- **What you will do**: Here the job is to print all of the entries below verbatim and leave out any picture.

- **Recorded data**:
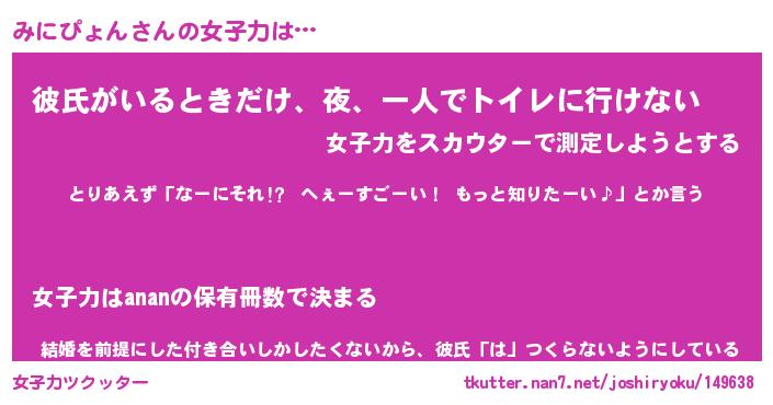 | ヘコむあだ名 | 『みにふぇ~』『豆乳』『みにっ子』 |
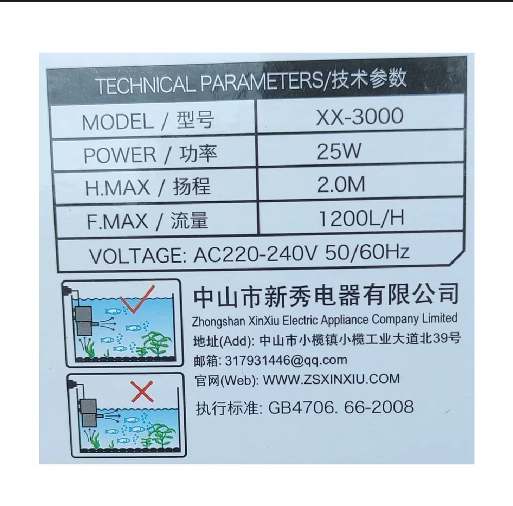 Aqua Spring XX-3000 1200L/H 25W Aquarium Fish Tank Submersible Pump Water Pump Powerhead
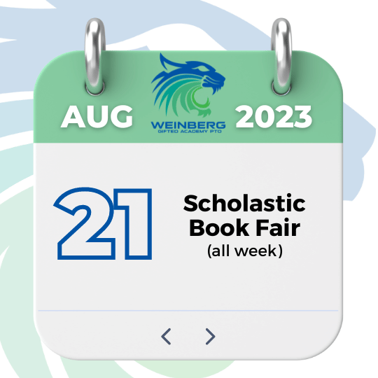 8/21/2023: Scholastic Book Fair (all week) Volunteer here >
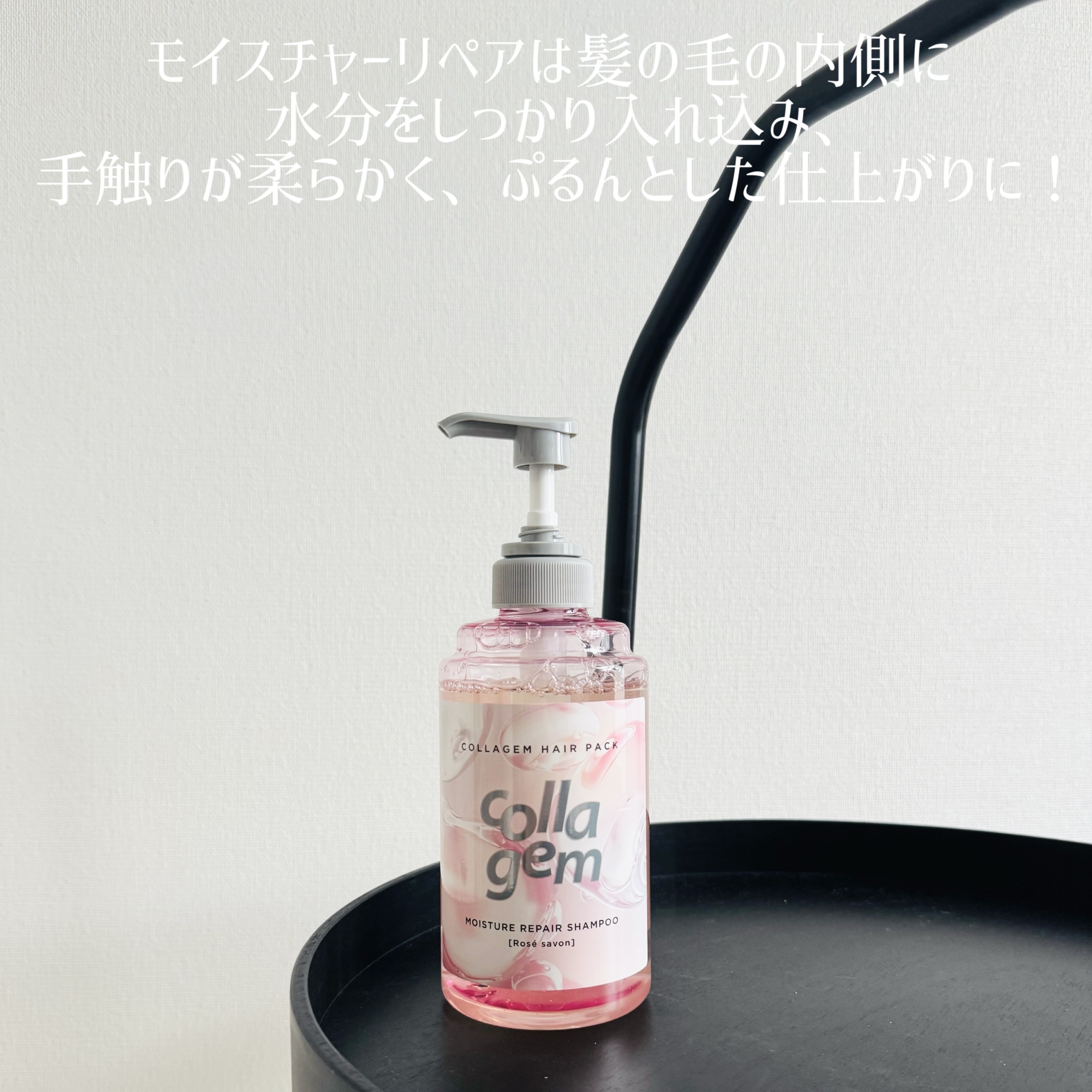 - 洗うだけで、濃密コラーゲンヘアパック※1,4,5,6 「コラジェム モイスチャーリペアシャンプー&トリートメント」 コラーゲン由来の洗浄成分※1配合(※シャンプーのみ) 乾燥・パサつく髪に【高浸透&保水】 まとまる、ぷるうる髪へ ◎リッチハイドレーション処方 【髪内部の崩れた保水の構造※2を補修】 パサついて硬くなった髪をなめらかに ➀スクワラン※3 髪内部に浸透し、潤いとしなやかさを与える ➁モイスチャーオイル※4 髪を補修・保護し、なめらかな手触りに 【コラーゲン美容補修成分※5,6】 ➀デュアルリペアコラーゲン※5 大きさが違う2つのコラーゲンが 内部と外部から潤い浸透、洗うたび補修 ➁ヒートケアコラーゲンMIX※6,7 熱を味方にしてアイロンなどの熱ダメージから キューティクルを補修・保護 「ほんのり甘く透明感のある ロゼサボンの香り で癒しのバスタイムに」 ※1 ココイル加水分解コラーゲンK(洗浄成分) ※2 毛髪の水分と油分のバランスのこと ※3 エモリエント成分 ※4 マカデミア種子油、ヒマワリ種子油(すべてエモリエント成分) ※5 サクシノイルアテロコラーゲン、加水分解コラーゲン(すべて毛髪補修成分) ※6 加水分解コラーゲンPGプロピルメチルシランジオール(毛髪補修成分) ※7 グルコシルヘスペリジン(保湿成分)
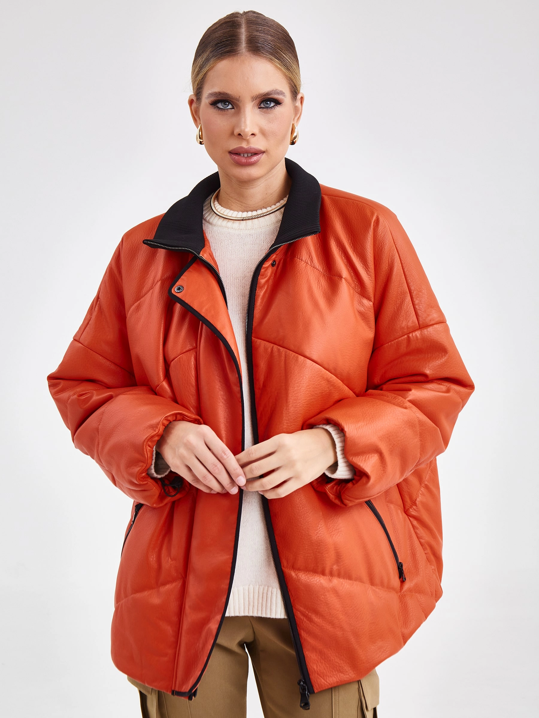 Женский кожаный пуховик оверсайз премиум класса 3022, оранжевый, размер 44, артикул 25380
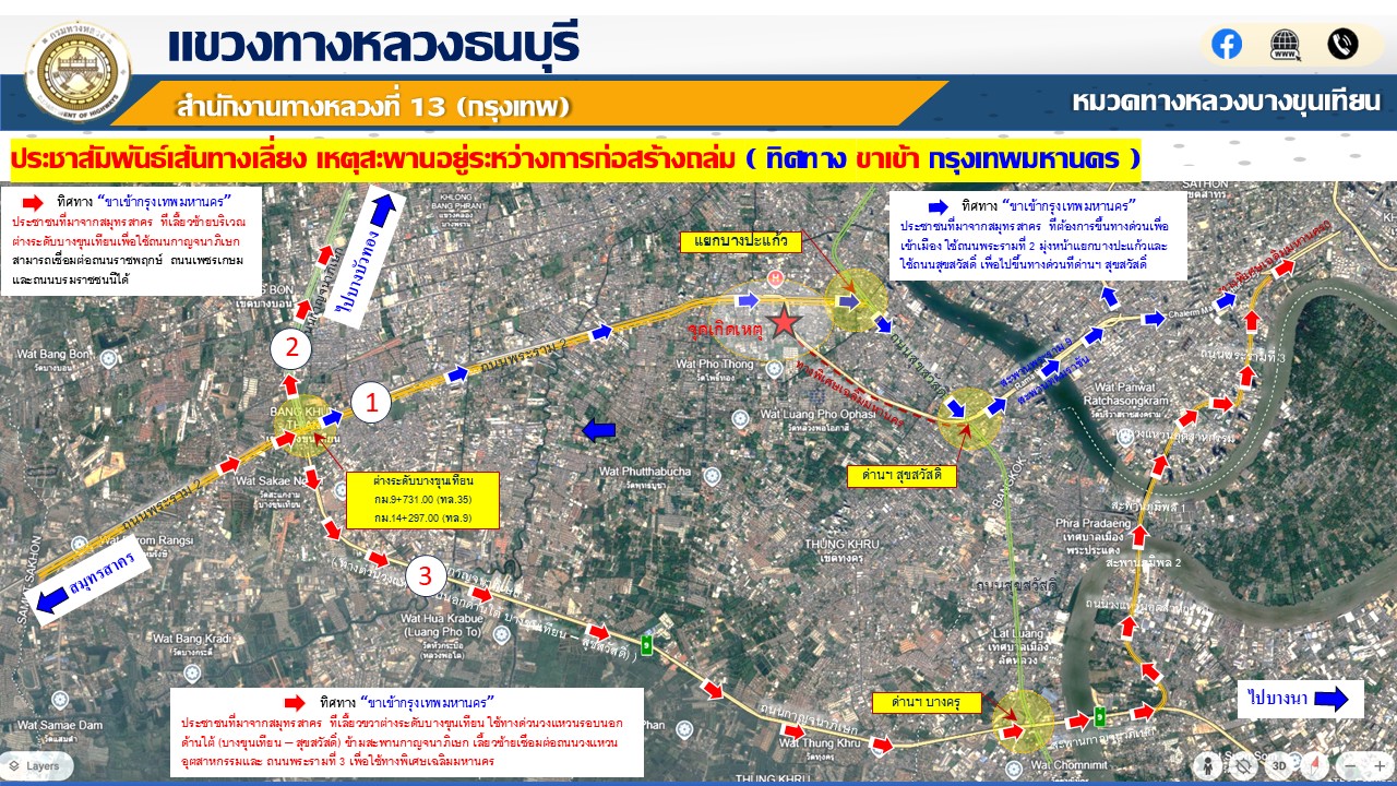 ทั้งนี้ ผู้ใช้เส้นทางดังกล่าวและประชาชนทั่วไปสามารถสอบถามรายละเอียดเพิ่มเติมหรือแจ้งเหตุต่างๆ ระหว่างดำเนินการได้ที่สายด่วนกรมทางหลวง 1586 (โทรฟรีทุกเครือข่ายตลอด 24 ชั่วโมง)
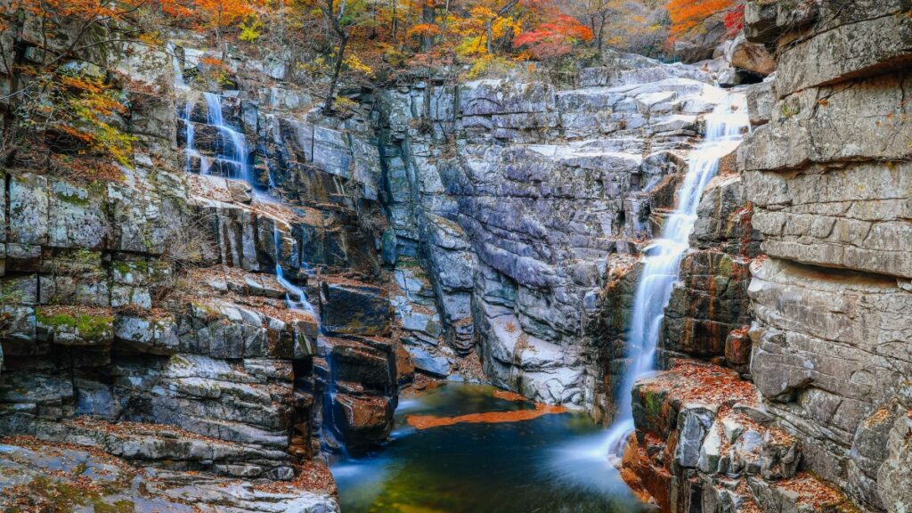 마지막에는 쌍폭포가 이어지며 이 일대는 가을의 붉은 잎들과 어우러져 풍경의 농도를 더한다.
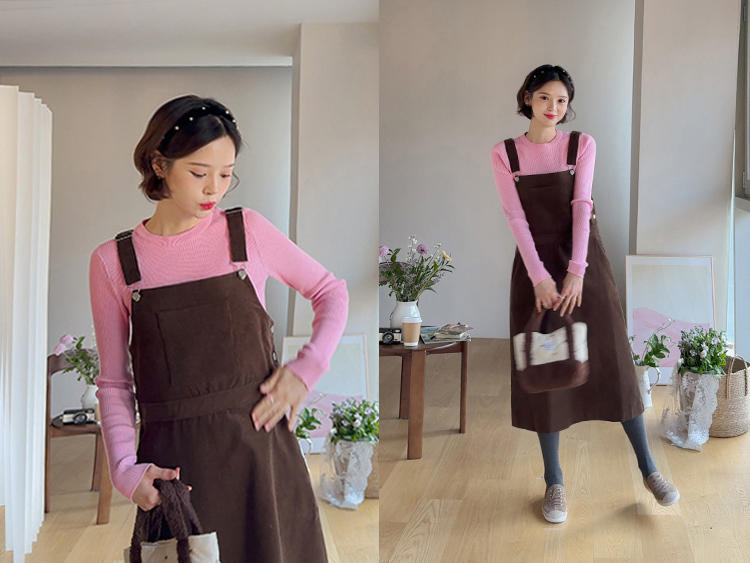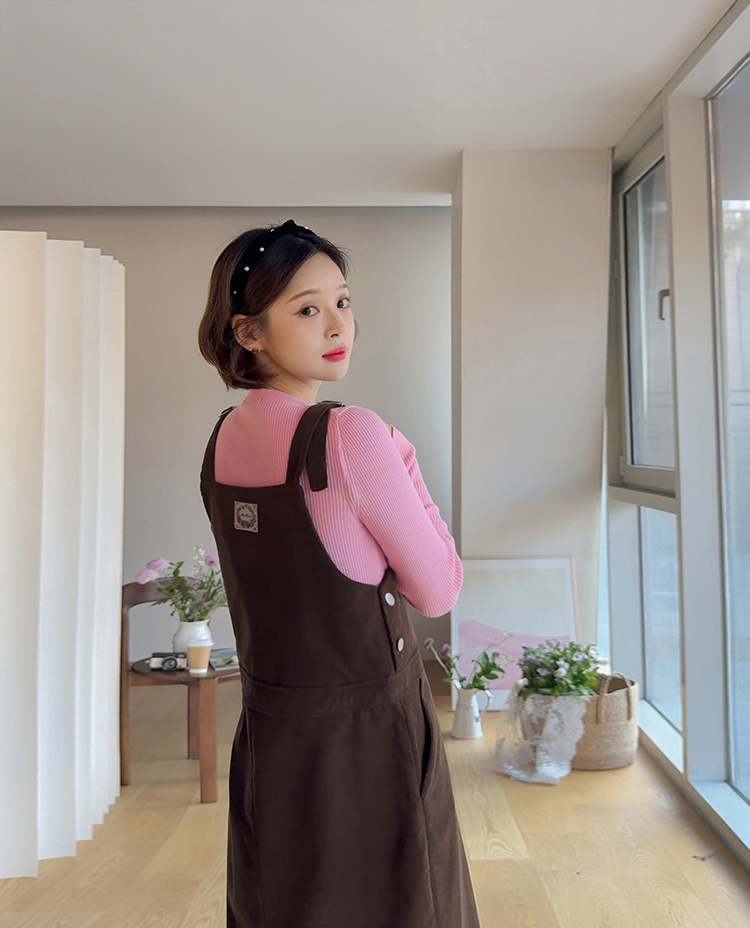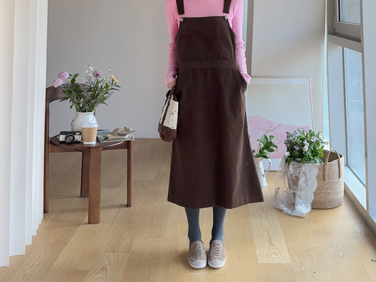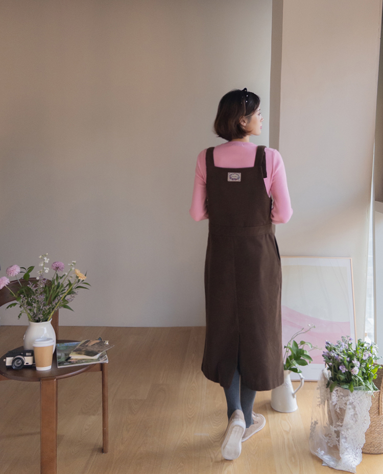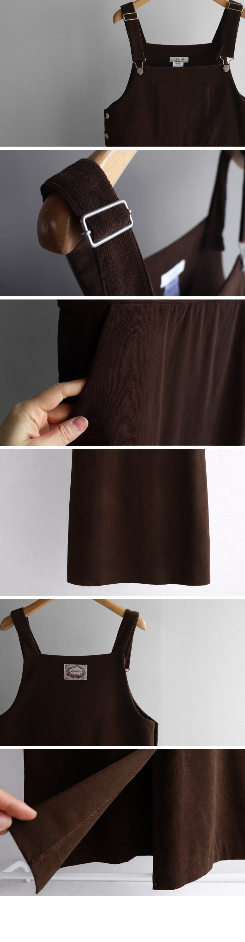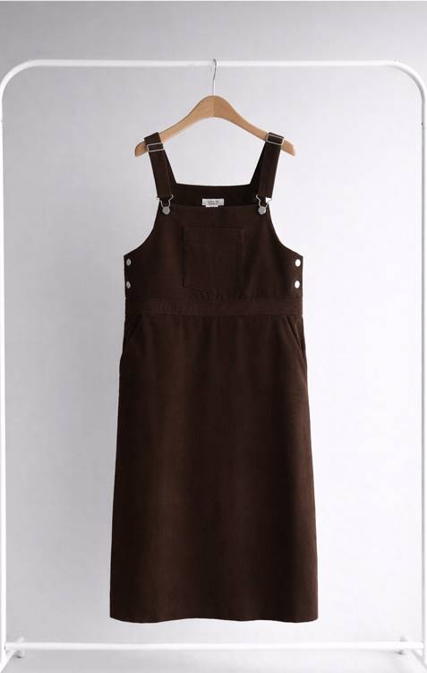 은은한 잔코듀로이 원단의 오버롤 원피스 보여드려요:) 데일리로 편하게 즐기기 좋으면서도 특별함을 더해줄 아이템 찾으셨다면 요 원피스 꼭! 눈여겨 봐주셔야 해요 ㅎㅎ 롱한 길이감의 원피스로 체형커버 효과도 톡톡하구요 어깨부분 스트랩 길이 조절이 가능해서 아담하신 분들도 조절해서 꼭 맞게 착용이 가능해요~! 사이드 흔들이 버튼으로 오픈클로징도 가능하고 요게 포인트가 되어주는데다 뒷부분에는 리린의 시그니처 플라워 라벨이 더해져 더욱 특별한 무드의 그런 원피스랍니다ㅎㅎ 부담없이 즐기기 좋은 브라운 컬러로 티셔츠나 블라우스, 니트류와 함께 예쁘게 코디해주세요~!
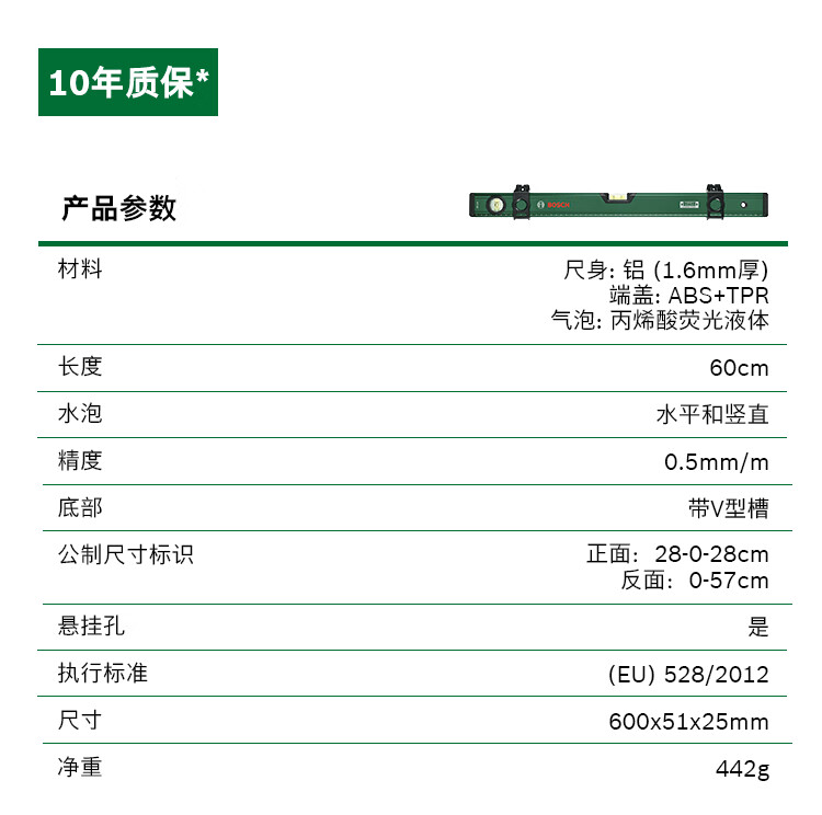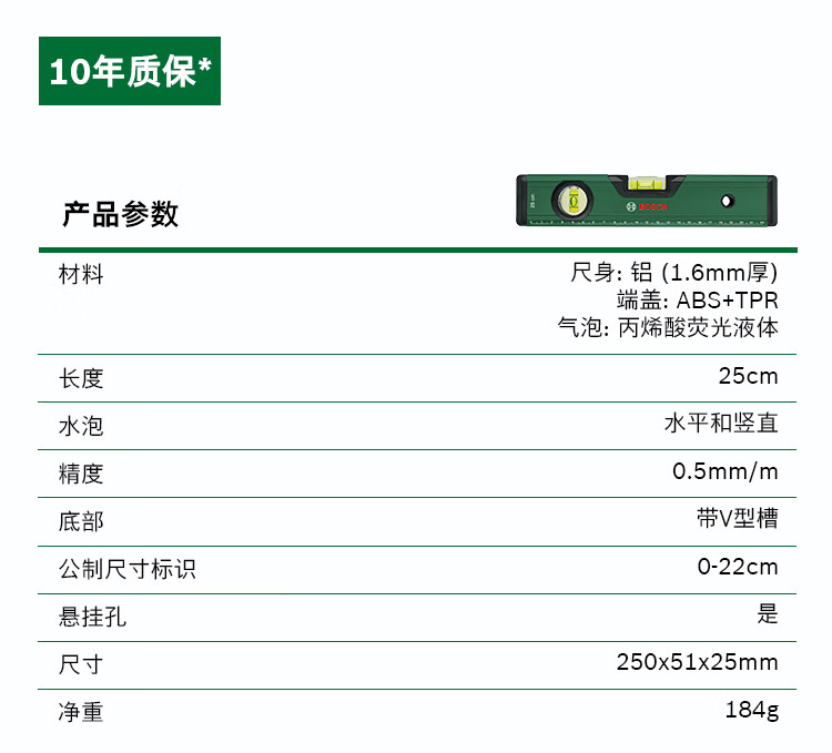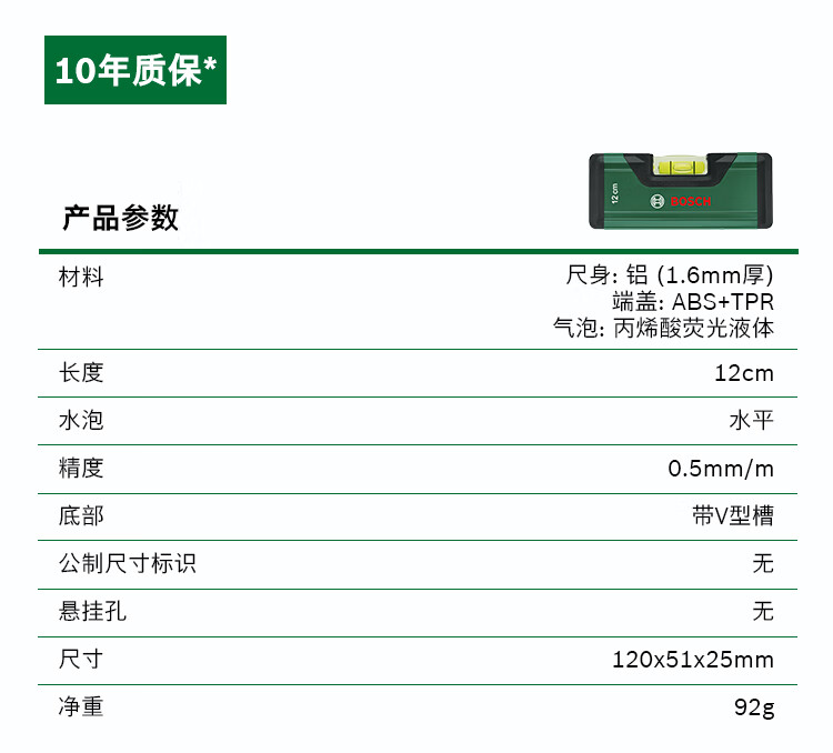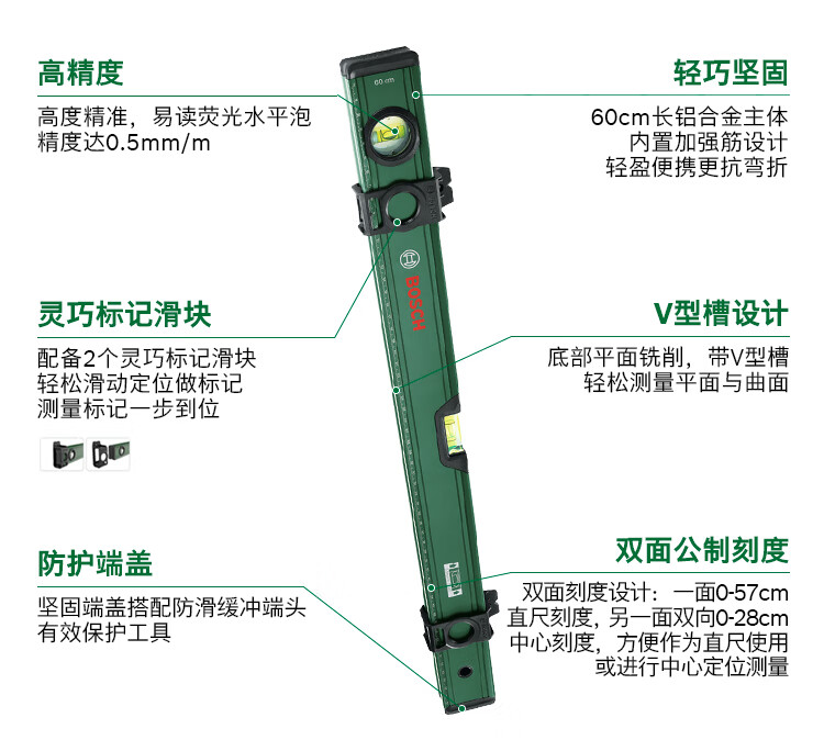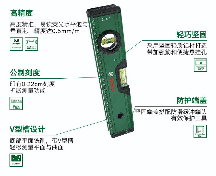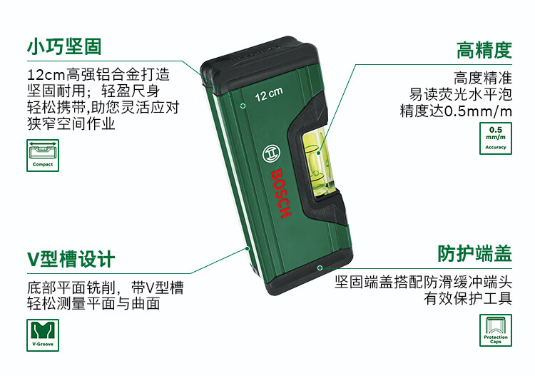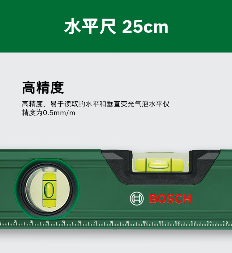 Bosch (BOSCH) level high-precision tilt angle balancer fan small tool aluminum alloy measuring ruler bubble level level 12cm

- **Reply to the exercise**:
 | ヘコむあだ名 | 『みにふぇ~』『豆乳』『みにっ子』 |
 Aqua Spring XX-3000 1200L/H 25W Aquarium Fish Tank Submersible Pump Water Pump Powerhead
 8/21/2023: Scholastic Book Fair (all week) Volunteer here >
 - 洗うだけで、濃密コラーゲンヘアパック※1,4,5,6 「コラジェム モイスチャーリペアシャンプー&トリートメント」 コラーゲン由来の洗浄成分※1配合(※シャンプーのみ) 乾燥・パサつく髪に【高浸透&保水】 まとまる、ぷるうる髪へ ◎リッチハイドレーション処方 【髪内部の崩れた保水の構造※2を補修】 パサついて硬くなった髪をなめらかに ➀スクワラン※3 髪内部に浸透し、潤いとしなやかさを与える ➁モイスチャーオイル※4 髪を補修・保護し、なめらかな手触りに 【コラーゲン美容補修成分※5,6】 ➀デュアルリペアコラーゲン※5 大きさが違う2つのコラーゲンが 内部と外部から潤い浸透、洗うたび補修 ➁ヒートケアコラーゲンMIX※6,7 熱を味方にしてアイロンなどの熱ダメージから キューティクルを補修・保護 「ほんのり甘く透明感のある ロゼサボンの香り で癒しのバスタイムに」 ※1 ココイル加水分解コラーゲンK(洗浄成分) ※2 毛髪の水分と油分のバランスのこと ※3 エモリエント成分 ※4 マカデミア種子油、ヒマワリ種子油(すべてエモリエント成分) ※5 サクシノイルアテロコラーゲン、加水分解コラーゲン(すべて毛髪補修成分) ※6 加水分解コラーゲンPGプロピルメチルシランジオール(毛髪補修成分) ※7 グルコシルヘスペリジン(保湿成分)
 Женский кожаный пуховик оверсайз премиум класса 3022, оранжевый, размер 44, артикул 25380
 ทั้งนี้ ผู้ใช้เส้นทางดังกล่าวและประชาชนทั่วไปสามารถสอบถามรายละเอียดเพิ่มเติมหรือแจ้งเหตุต่างๆ ระหว่างดำเนินการได้ที่สายด่วนกรมทางหลวง 1586 (โทรฟรีทุกเครือข่ายตลอด 24 ชั่วโมง)
 마지막에는 쌍폭포가 이어지며 이 일대는 가을의 붉은 잎들과 어우러져 풍경의 농도를 더한다.
 은은한 잔코듀로이 원단의 오버롤 원피스 보여드려요:) 데일리로 편하게 즐기기 좋으면서도 특별함을 더해줄 아이템 찾으셨다면 요 원피스 꼭! 눈여겨 봐주셔야 해요 ㅎㅎ 롱한 길이감의 원피스로 체형커버 효과도 톡톡하구요 어깨부분 스트랩 길이 조절이 가능해서 아담하신 분들도 조절해서 꼭 맞게 착용이 가능해요~! 사이드 흔들이 버튼으로 오픈클로징도 가능하고 요게 포인트가 되어주는데다 뒷부분에는 리린의 시그니처 플라워 라벨이 더해져 더욱 특별한 무드의 그런 원피스랍니다ㅎㅎ 부담없이 즐기기 좋은 브라운 컬러로 티셔츠나 블라우스, 니트류와 함께 예쁘게 코디해주세요~!
 Bosch (BOSCH) level high-precision tilt angle balancer fan small tool aluminum alloy measuring ruler bubble level level 12cm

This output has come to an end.